§ PROBLEM TO WORK ON: Every record should be copied exactly, and the images omitted.

• • • •

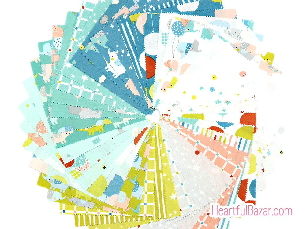 ベビーキルトにおすすめのふんわりかわいい象のイラストと、甘すぎない色合いがとってもすてきなコレクションです。
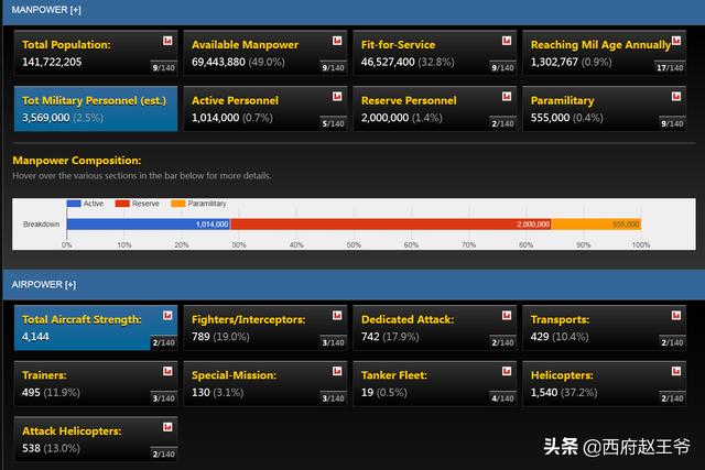 事实上。在主战装备方面。差距还要更加明显一些。比如在航空战力方面。当前俄罗斯装备的军用飞机总数能够达到4100余架。排名全球第二。其中战机是789架。直升机则达到了恐怖的1500多架。其中包括500多架武装直升机。
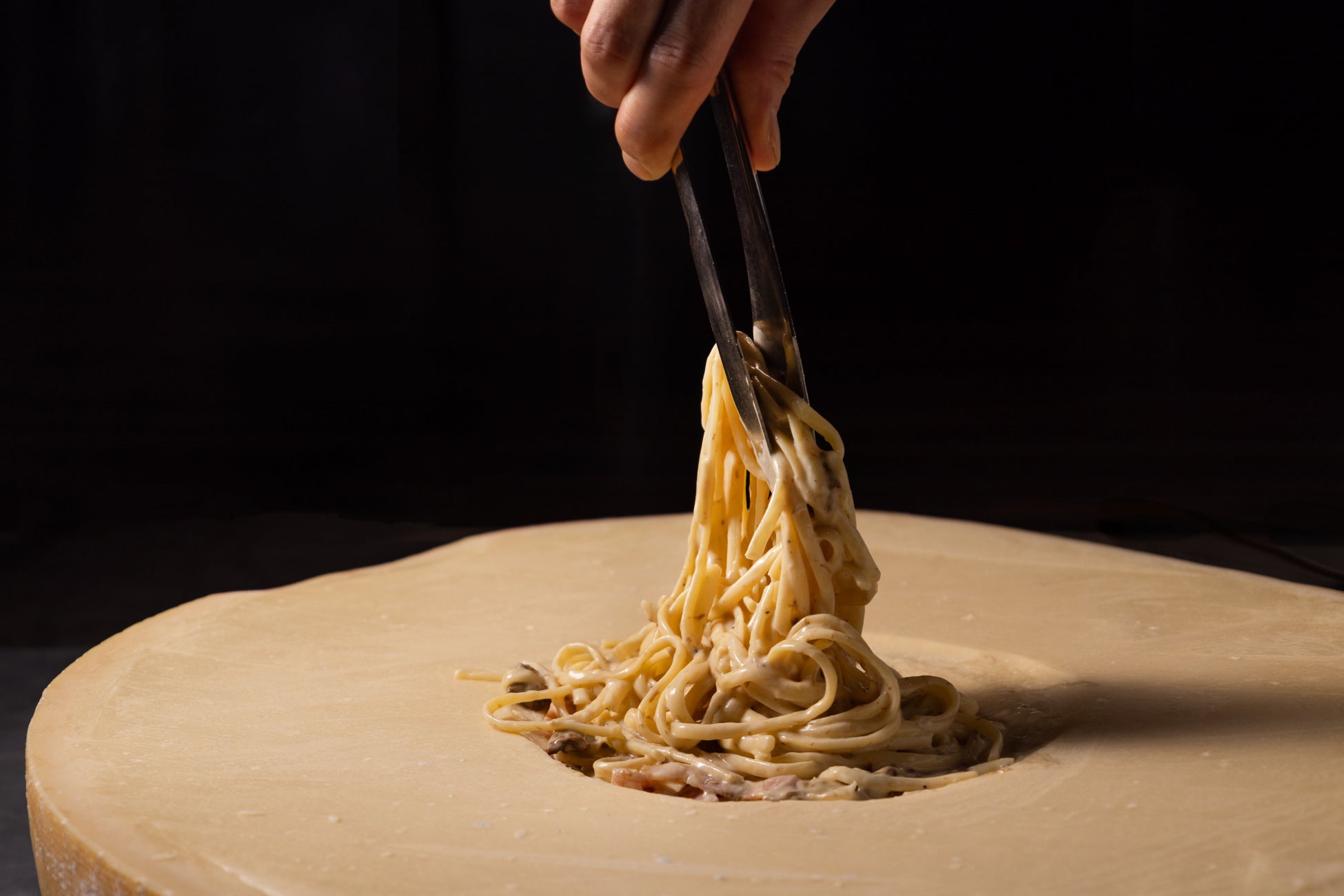 巨大なグラナ・パダーノで仕上げるパスタや、熱々のラクレット、そしてチーズのフルーツグラタンの炙り演出など、五感で楽しめる ライブキッチン をご用意。
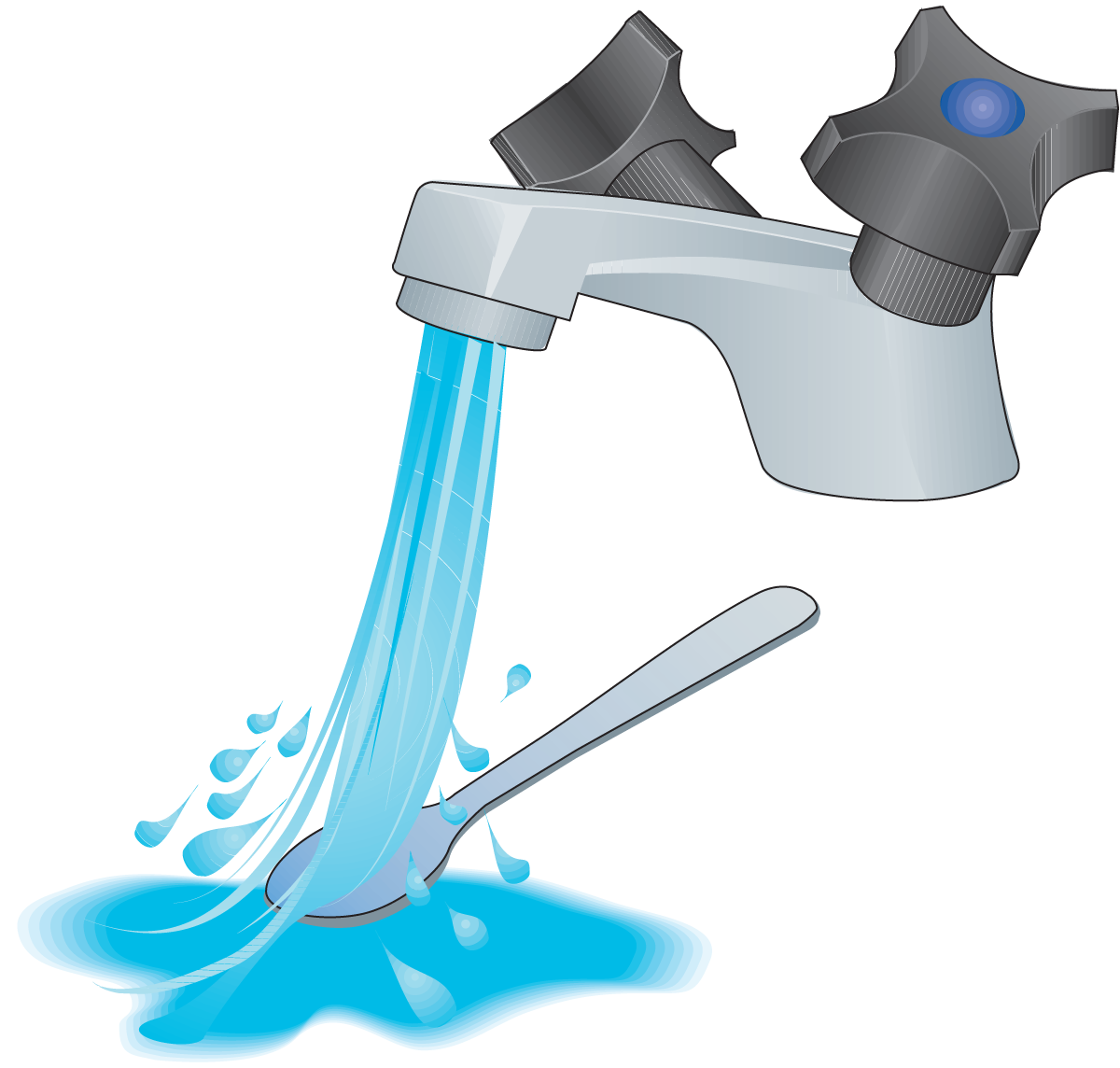 Hier geht Wärme in den Löffelstiel über, sodass dieser sich erwärmt. - Konvektion ist eine Form der Wärmeübertragung, bei der sich Teilchen mit hohem Wärmeinhalt mit kalten Teilchen mischen und Wärme dann durch Leitung ausgetauscht wird (Abb. 6.1.4). Konvektion erfordert zwangsläufig ein Vermischen. Wird der Teelöffel mit fließendem kalten Wasser abgespült, geht die Wärme vom Löffel auf das Wasser über, das sich dadurch erwärmt. Das erwärmte Wasser wird fortlaufend durch kaltes Wasser ersetzt, das erneut Wärme aus dem Löffel aufnimmt. Die Wärmeübertragung durch Konvektion geht so lange weiter, bis der Löffel und das fließende Wasser die gleiche Temperatur haben.
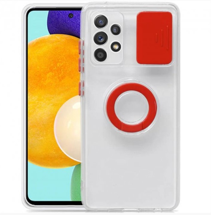 Чехол силиконовый Samsung A72 прозрачный с кольцом и защитой на камеру красный*
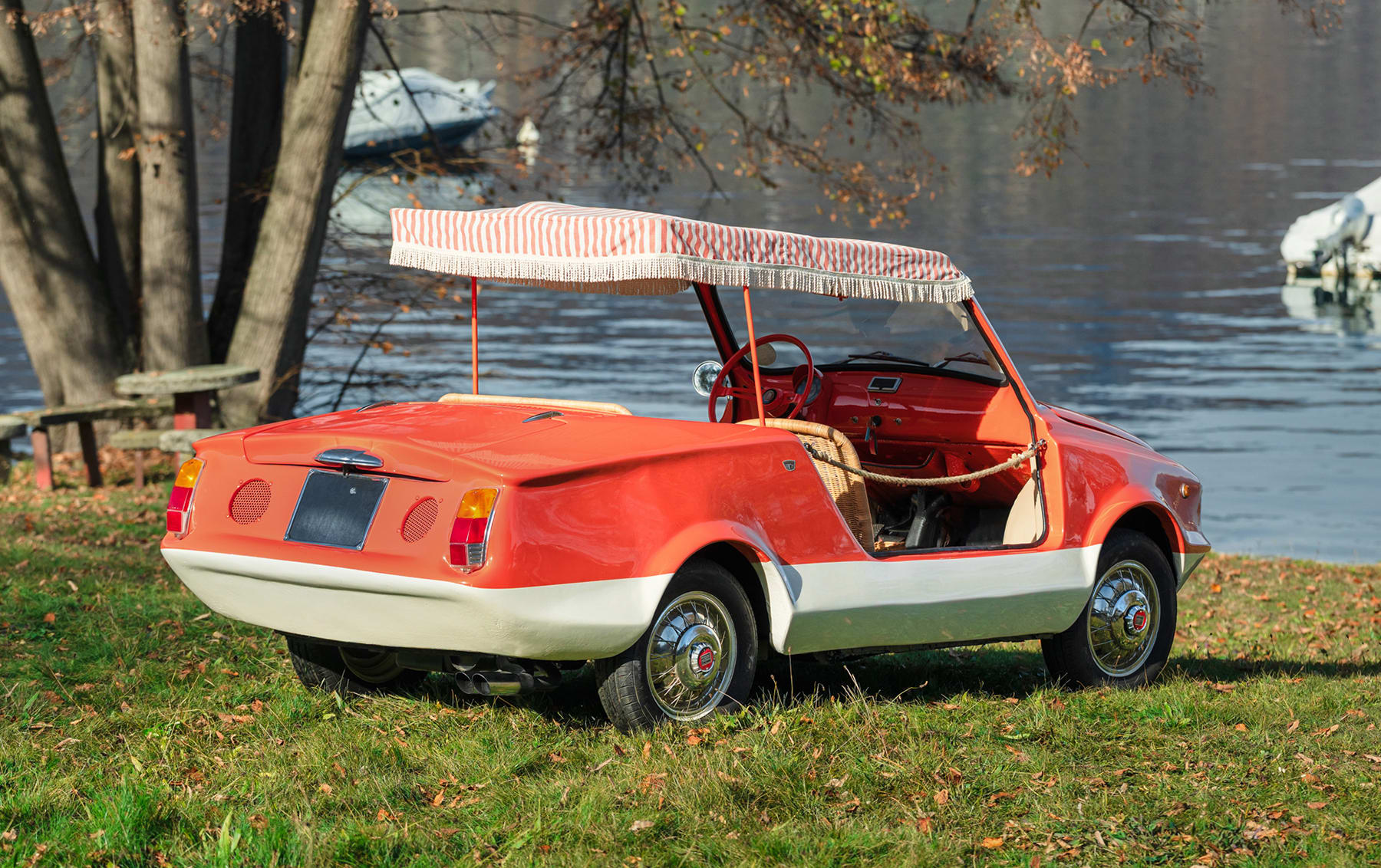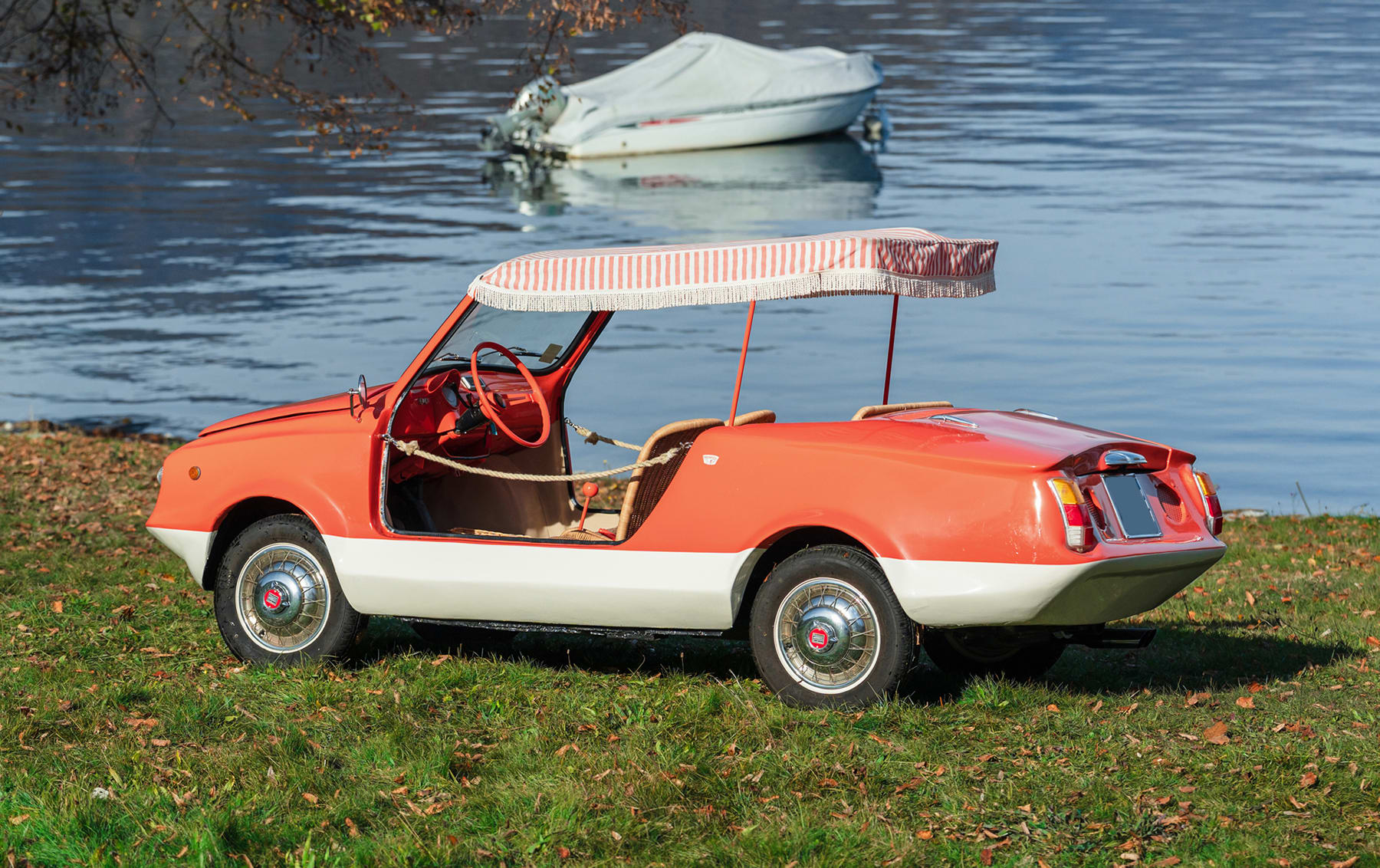 Among the most captivating interpretations of the Fiat 500 was the open-sided Sibona-Basano “Decathlon” Spiaggina, a rare and imaginative creation by the renowned Torino coachbuilder founded by former Ghia craftsmen Giovanni and Pietro Sibona and Walter Basano.

• • • •

§ TASK RESPONSE:
 ベビーキルトにおすすめのふんわりかわいい象のイラストと、甘すぎない色合いがとってもすてきなコレクションです。
 事实上。在主战装备方面。差距还要更加明显一些。比如在航空战力方面。当前俄罗斯装备的军用飞机总数能够达到4100余架。排名全球第二。其中战机是789架。直升机则达到了恐怖的1500多架。其中包括500多架武装直升机。
 巨大なグラナ・パダーノで仕上げるパスタや、熱々のラクレット、そしてチーズのフルーツグラタンの炙り演出など、五感で楽しめる ライブキッチン をご用意。
 Hier geht Wärme in den Löffelstiel über, sodass dieser sich erwärmt. - Konvektion ist eine Form der Wärmeübertragung, bei der sich Teilchen mit hohem Wärmeinhalt mit kalten Teilchen mischen und Wärme dann durch Leitung ausgetauscht wird (Abb. 6.1.4). Konvektion erfordert zwangsläufig ein Vermischen. Wird der Teelöffel mit fließendem kalten Wasser abgespült, geht die Wärme vom Löffel auf das Wasser über, das sich dadurch erwärmt. Das erwärmte Wasser wird fortlaufend durch kaltes Wasser ersetzt, das erneut Wärme aus dem Löffel aufnimmt. Die Wärmeübertragung durch Konvektion geht so lange weiter, bis der Löffel und das fließende Wasser die gleiche Temperatur haben.
 Чехол силиконовый Samsung A72 прозрачный с кольцом и защитой на камеру красный*
 Among the most captivating interpretations of the Fiat 500 was the open-sided Sibona-Basano “Decathlon” Spiaggina, a rare and imaginative creation by the renowned Torino coachbuilder founded by former Ghia craftsmen Giovanni and Pietro Sibona and Walter Basano.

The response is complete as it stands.